The Handle System is a powerful tool to create globally resolvable identifiers, but Handles alone aren’t persistent. To put the “P” in PID, we need DOIs, or Digital Object Identifiers. DOIs are Handles with guaranteed persistence, which makes them a reliable tool for citation and provenance. You can identify a DOI by its prefix beginning with “10.XXX”.

The DOI Foundation governs the DOI system, ensuring once a DOI is minted, it stays up, regardless of whether or not the original institution exists or not. We want to use DOIs as identifiers for Digital Specimens and Media Objects to facilitate citation and persistent referencing of our resources. There’s a catch, however: only trusted organisations, called Registration Agencies (RAs), can mint DOIs.

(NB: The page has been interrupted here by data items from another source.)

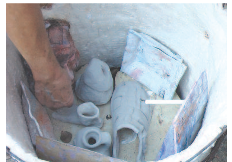
Kerámiák a rakuégető kemencében

énekeltük, hogy Amikor még békebeli volt itt a világ Kassán, meg Pozsonyon túl, baka-sapka mellett nyílt a búzavirág, úr volt ám a vitéz úr.
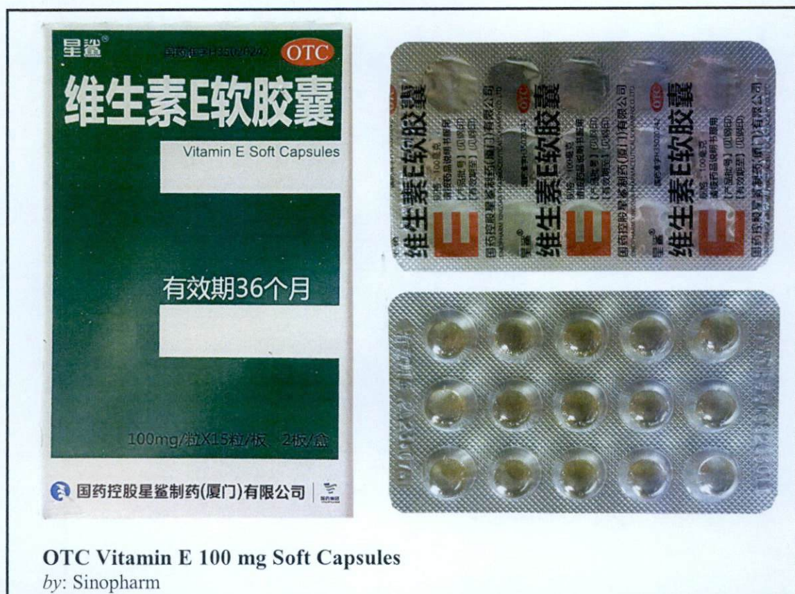
OTC Vitamin E 100 mg Soft Capsules by: Sinopharm

Pinapayuhan ng Food and Drug Administration (FDA) ang publiko laban sa pagbili at paggamit ng mga sumusunod na hindi rehistradong gamot:
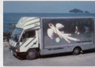
展示卸売車「ふるさと君」
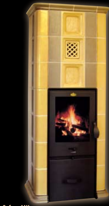
Orfeus MK żółta + szara

Wyróżnienia naszej techniki i technologii: „Złoty medal” na targach SHK Brno 2006 „Złota plakietka” na targach Coneco 2006 Bratislava „Wyróżnienie” na targach Aquatherm 2005 Praha „Wyróżnienie” na targach Aquatherm 2002 Praha
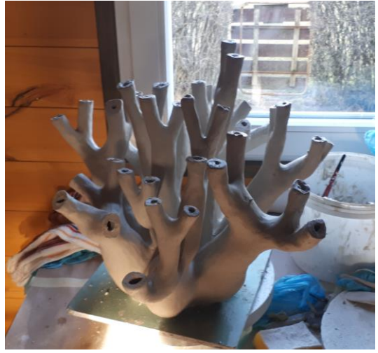
Modelleerimisjärgus „Harik“
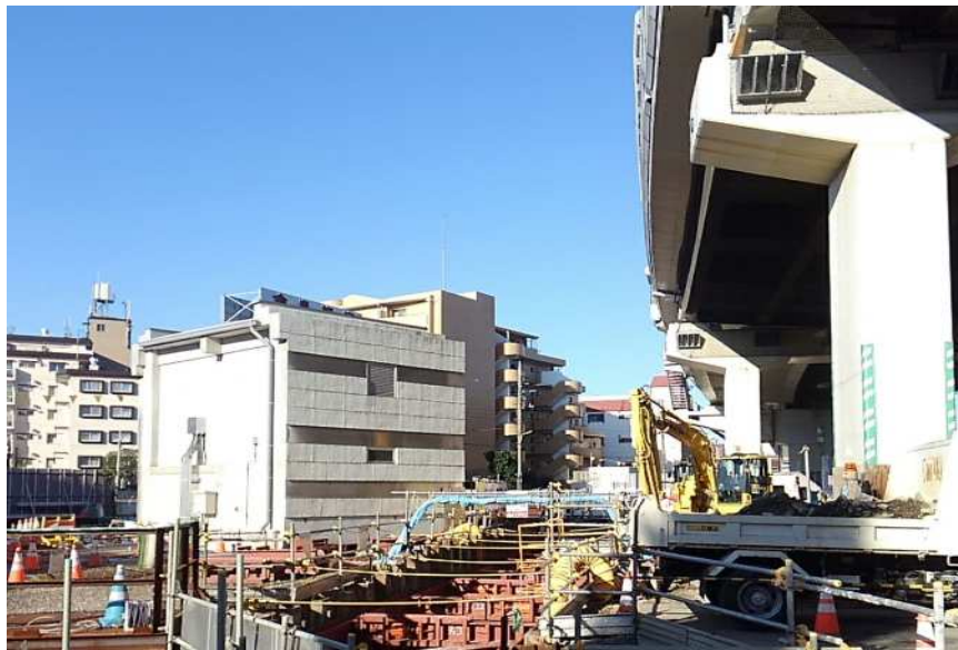
④方向より撮影(西側より撮影)
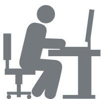
Sistema de inspección

nuestros sistemas de inspección en procesos existentes. Al utilizar nuestros sistemas, evita la retirada de productos, realiza controles de calidad rápidos y automatizados, aumenta la seguridad de sus datos y procesos, y se prepara bien para las auditorías.
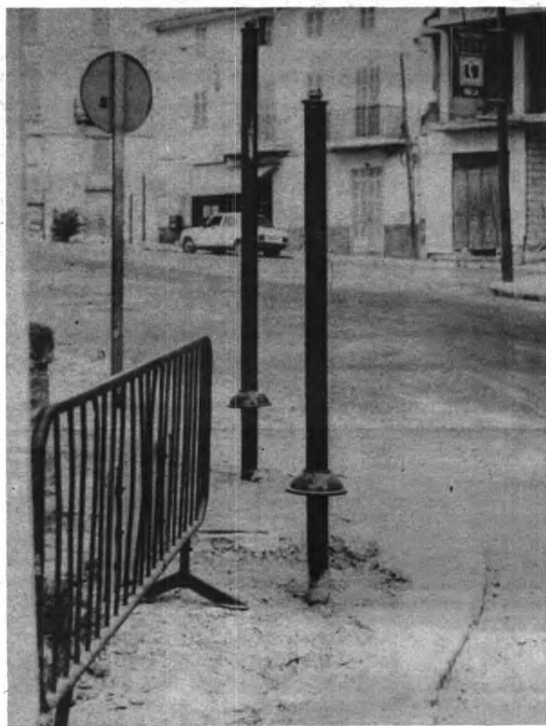
Han finalizado las obras para la instalación de los semáforos en el centro de la ciudad, obras que se han realizado en un tiempo

record. Es que las fiestas estaban a un paso y la mayoría municipal quería terminar las mismas para las fiestas. El Ministerio de Obras Públicas ha asfaltado la zona donde tienen que estar enclavados dichos semáforos: calles de Artá, Barco, Avenida de Alcudia, Plaza de Oriente y Coc.
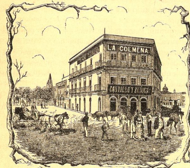
RUMBO DE SAN JUAN DE DIOS (GUADALAJARA).
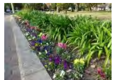
「フラワースポットつくば開成」の花壇
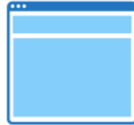
full width content
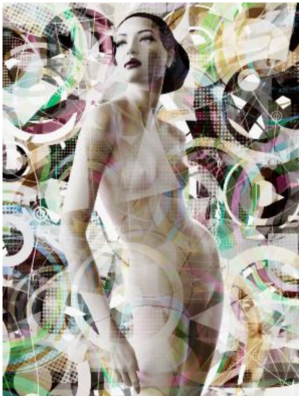
Valérie Belin, Electra (série Super Models) , 2015. Tirage pigmentaire, Courtesy de l'artiste et Galerie Nathalie Obadia, Paris/Bruxelles © ADAGP Paris 2023, Valérie Belin

Répondant à l'invitation du MusBA – qui convie régulièrement des artistes contemporains à porter un regard personnel sur ses collections – Valérie Belin propose Les visions silencieuses , une exposition monographique d'envergure organisée en partenariat avec la Galerie Nathalie Obadia (Paris, Bruxelles). Cette artiste est considérée comme l'une des plus importantes de sa génération et l'une des représentantes majeures de la photographie plasticienne.
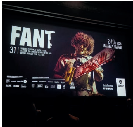
Fant aurkezpena

These organisations form a community dedicated to persistent, reliable identifiers. While it’s unclear whether or not DiSSCo will establish a new RA or partner with an existing one, we do know that we’ll need to set up comprehensive DOI infrastructure.

DOI Infrastructure

In this section, we’ll go over our preliminary DOI infrastructure. Code referenced in this section is all available on our GitHub:

Infrastructure as Code Using Terraform

Our first step was to provision resources on AWS. To do so, we used Terraform, an Infrastructure as Code (IaC) tool that lets us describe exactly what resources we want deployed on the cloud. By using IaC, we can easily manage complex infrastructure and track any changes through version control.

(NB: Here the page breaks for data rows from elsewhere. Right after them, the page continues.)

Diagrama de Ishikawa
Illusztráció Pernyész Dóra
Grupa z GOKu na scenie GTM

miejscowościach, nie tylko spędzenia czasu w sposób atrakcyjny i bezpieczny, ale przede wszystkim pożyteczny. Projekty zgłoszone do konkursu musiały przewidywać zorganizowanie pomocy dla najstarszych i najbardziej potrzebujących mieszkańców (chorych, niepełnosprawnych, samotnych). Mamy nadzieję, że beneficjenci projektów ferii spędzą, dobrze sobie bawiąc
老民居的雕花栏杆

For the DOI infrastructure, our setup is relatively simple: a compute instance connected to a PostgreSQL database, all within a controlled private network. The DOI infrastructure was made completely independent from the rest of DiSSCo infrastructure by design; this will allow whatever RA mints DOIs for Digital Specimens to serve the wider collections community, rather than just DiSSCo. Because we’ve used Infrastructure as Code, we can easily transfer ownership to another organisation if need arises.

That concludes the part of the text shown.